Table 10 Performance comparison of the proposed classification scheme among COVID-19, Normal and Pneumonia with the state-of-the-art methodologies

Conclusion

This study proposes a novel framework to classify diseased images of people using their chest X-rays among COVID-19, Normal, and Pneumonia. It is the need of the hour to have such a technique for COVID-19 classification that is cost-effective and practically accurate . This study uses state-of-the-art DL architectures for feature extraction and image processing. The input images are passed through the CNN models, DenseNet and GoogleNet, to generate individual features which are later concatenated. These concatenated feature vectors are sent to a variational autoencoder that learns a meaningful latent space from the features and further inputs the extracted features to ML-based classifiers.

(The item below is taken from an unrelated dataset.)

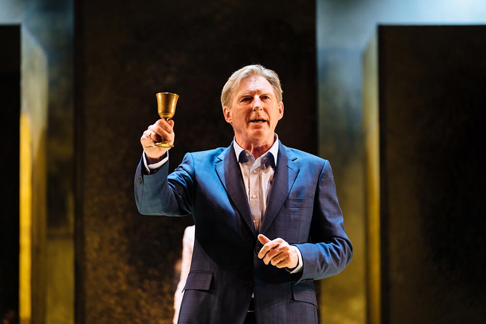 Yet most of all, what jars is the clash in style between the traditional Shakespearean delivery of Claudius, Polonius and Gertrude’s roles and the looser naturalism of the younger characters. Perhaps this was intentional, but the effect ends up grating. Adrian Dunbar’s approach to Claudius is initially promising, projecting a kingly authority with overtures of friendship and just a hint of menace. Yet as the play goes on, he lacks interiority, behaving in private almost identically to his public performances. Everything is pronounced rather than spoken, his words those of a patrician and patriarch. Such a choice makes sense when he addresses Hamlet, yet it makes his marriage to Gertrude seem entirely functional – perhaps a consolidation of power.

ML-based predictive classifiers perform final predictions that helps improve the accuracy and robustness of the model. Thus, the proposed study helps to achieve an overall accuracy and AUC of 0.91 and 0.97, respectively. Further, we have tested the proposed framework’s scalability and efficacy on a challenging dataset to classify between Atelectasis, Effusion, Infiltration, Nodule, and Pneumonia and to check for viability and the diverse nature of the framework in applicant fields of medical image classification. The results of this dataset showed significant improvement over the state-of-the-art methodologies. Future aspects may extend this study to the datasets having more number of images with some other biological and physical parameters, which will help improve the results and the model’s viability in the field of AI-based detection of COVID-19 and other lungs related diseases.